AIM OF THE TASK
Apart from the pictures, every record here must be copied word for word.

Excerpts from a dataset
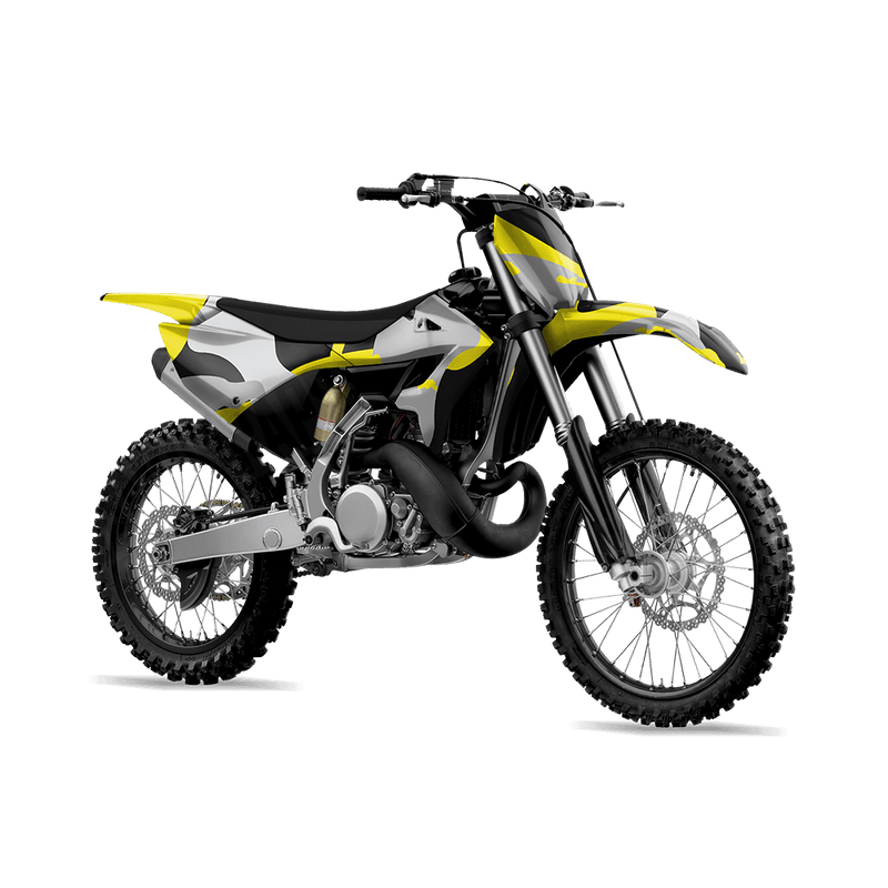 Ragged Yellow Tiger takes the familiar look of traditional military camouflage and gives it a rugged, updated twist. With slightly broken edges and subtle variations, Ragged creates a raw and weathered style that feels both classic and fresh. This pattern is perfect for riders who want their dirt bike to carry a proven camo design with a tougher, more distressed edge.
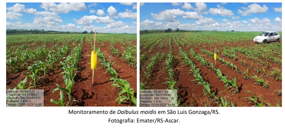 O monitoramento de cigarrinha-do-milho, realizado pela Emater/RS-Ascar em conjunto com os agricultores, indicou aumento de incidência da praga na região do Alto Uruguai. Também se elevou a incidência de percevejos. Nesse cenário, a aplicação de inseticidas em conjunto com herbicidas tem se mostrado uma alternativa para a redução de custos.
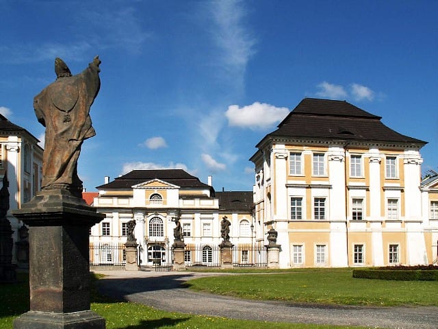 Z náměstí je součástí zámeckého areálu kostel Zvěstování Panny Marie, jehož barokní stavba pochází z počátku 18. století. Má pohnutou novodobou historii, neboť byl dne 10. května 1945 zachvácen požárem, během něhož byla nenávratně ztracena Reinerova i Braunova díla z jeho oltářní výzdoby. Po dílčích opravách dodnes čeká na celkovou rekonstrukci.
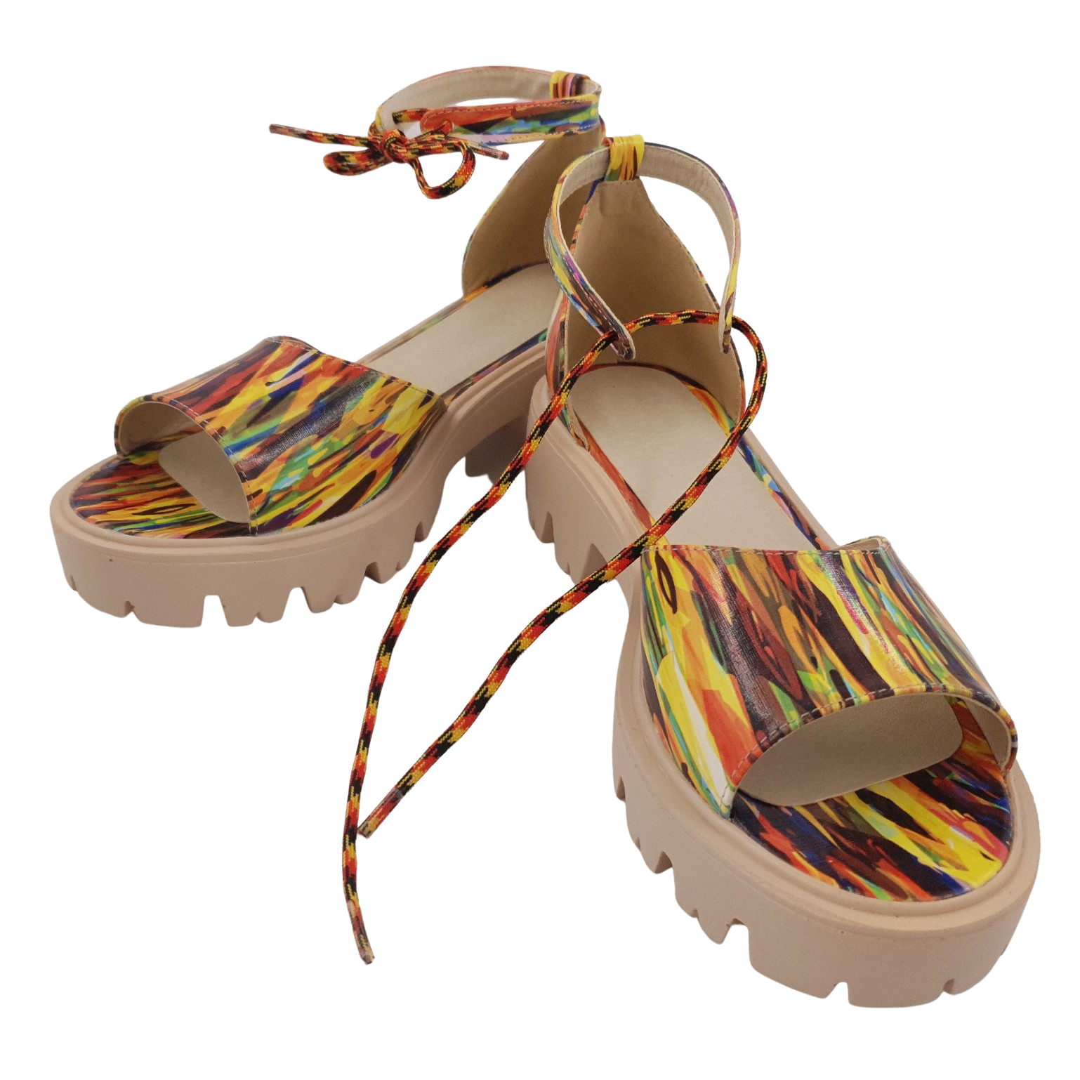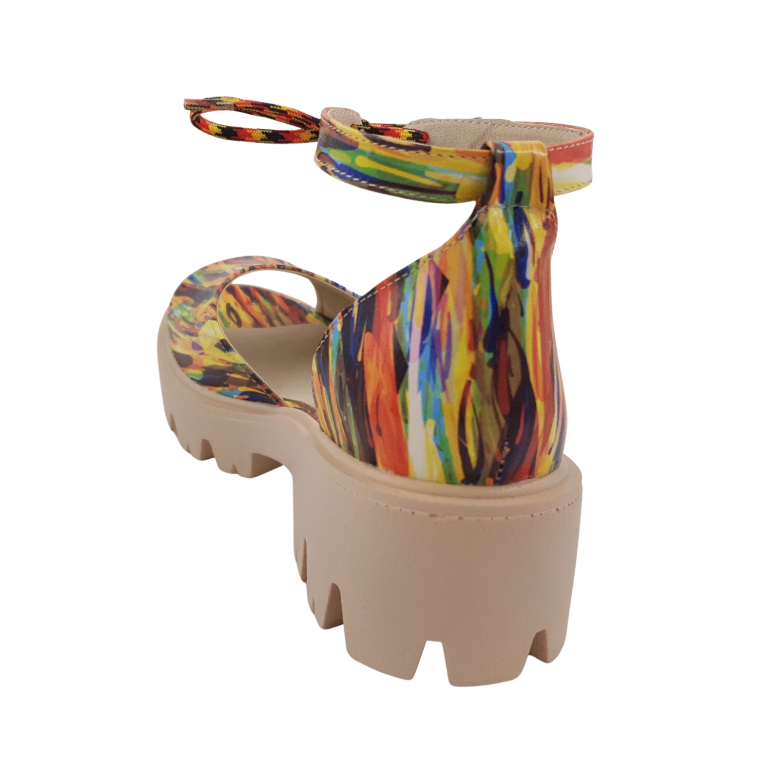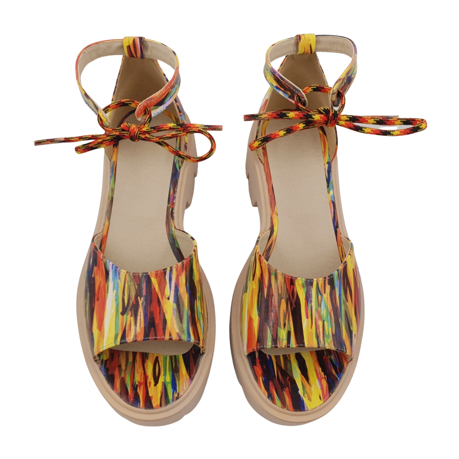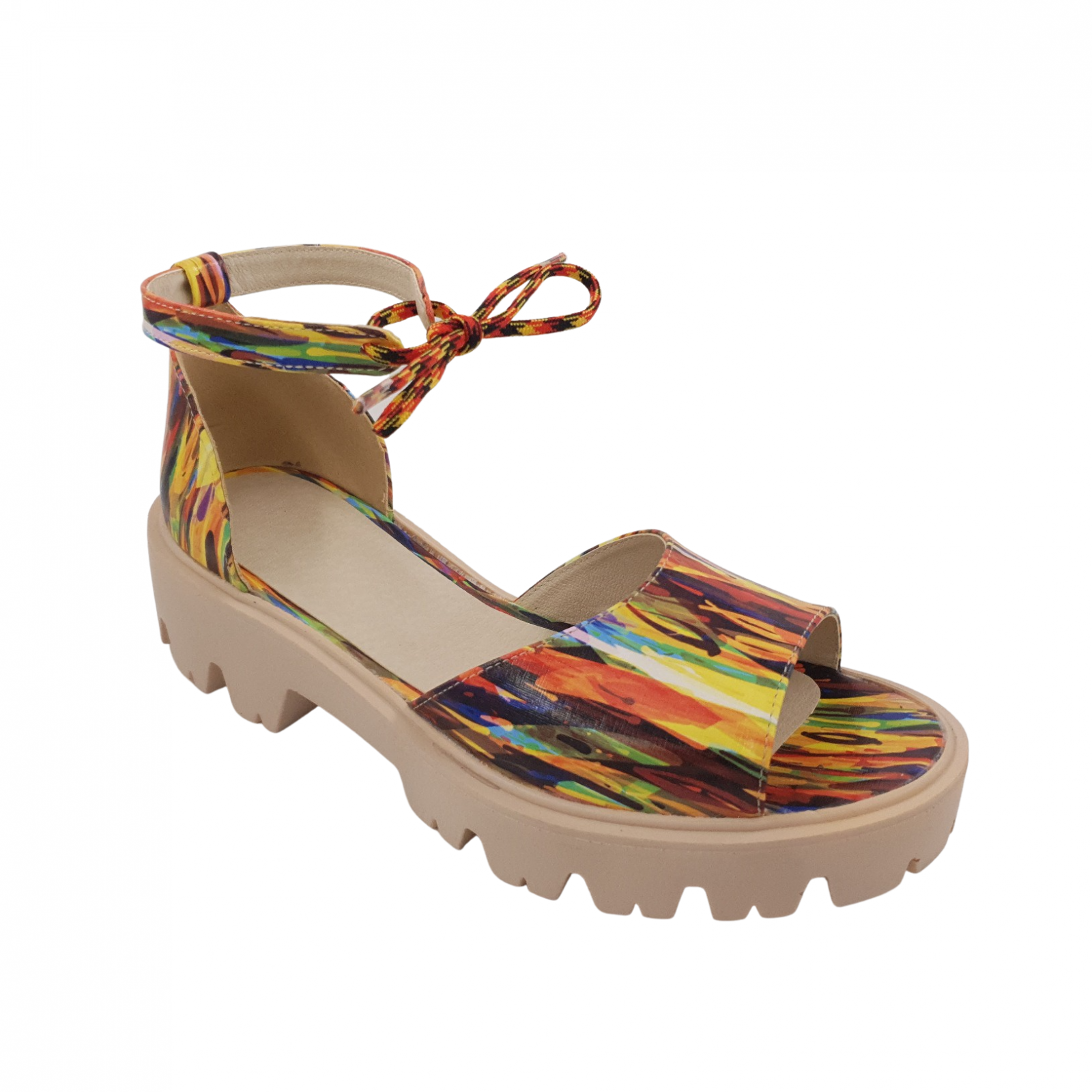 Sandale dama din piele naturala cu imprimeu de picturi colorate, piele ecologica in interior, varf rotund decupat, talpa usoara din poliuretan cu crampoane de culoarea bej, antiderapanta, se inchide cu sireturi colorate,de purtat pentru sezonul de primavara si vara.
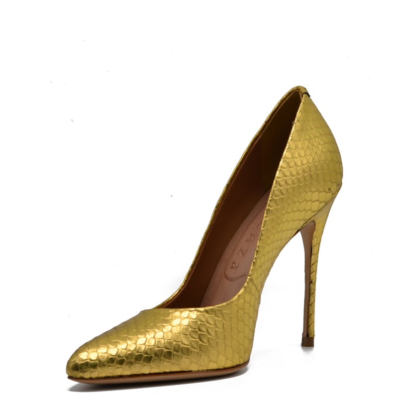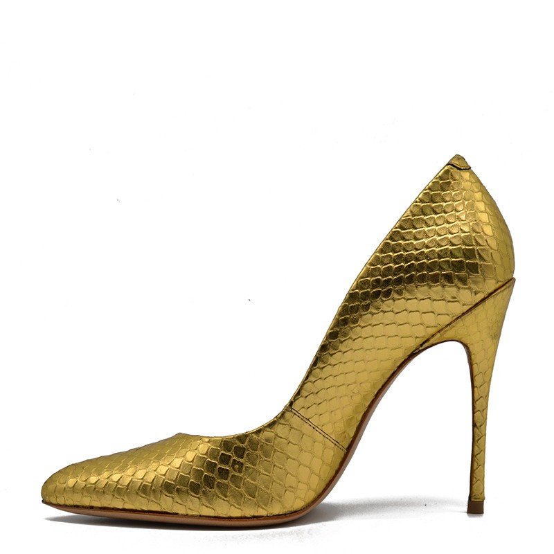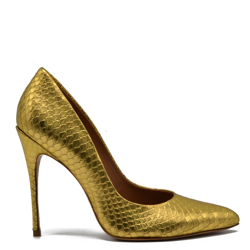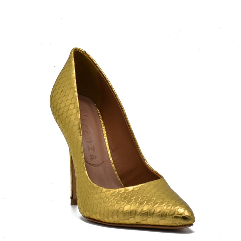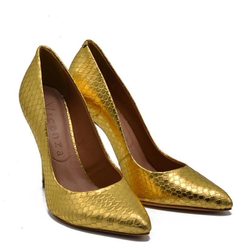 Vicenza women's leather pump in gold snake effect.

TASK RESPONSE
 Ragged Yellow Tiger takes the familiar look of traditional military camouflage and gives it a rugged, updated twist. With slightly broken edges and subtle variations, Ragged creates a raw and weathered style that feels both classic and fresh. This pattern is perfect for riders who want their dirt bike to carry a proven camo design with a tougher, more distressed edge.
 O monitoramento de cigarrinha-do-milho, realizado pela Emater/RS-Ascar em conjunto com os agricultores, indicou aumento de incidência da praga na região do Alto Uruguai. Também se elevou a incidência de percevejos. Nesse cenário, a aplicação de inseticidas em conjunto com herbicidas tem se mostrado uma alternativa para a redução de custos.
 Z náměstí je součástí zámeckého areálu kostel Zvěstování Panny Marie, jehož barokní stavba pochází z počátku 18. století. Má pohnutou novodobou historii, neboť byl dne 10. května 1945 zachvácen požárem, během něhož byla nenávratně ztracena Reinerova i Braunova díla z jeho oltářní výzdoby. Po dílčích opravách dodnes čeká na celkovou rekonstrukci.
 Sandale dama din piele naturala cu imprimeu de picturi colorate, piele ecologica in interior, varf rotund decupat, talpa usoara din poliuretan cu crampoane de culoarea bej, antiderapanta, se inchide cu sireturi colorate,de purtat pentru sezonul de primavara si vara.
 Vicenza women's leather pump in gold snake effect.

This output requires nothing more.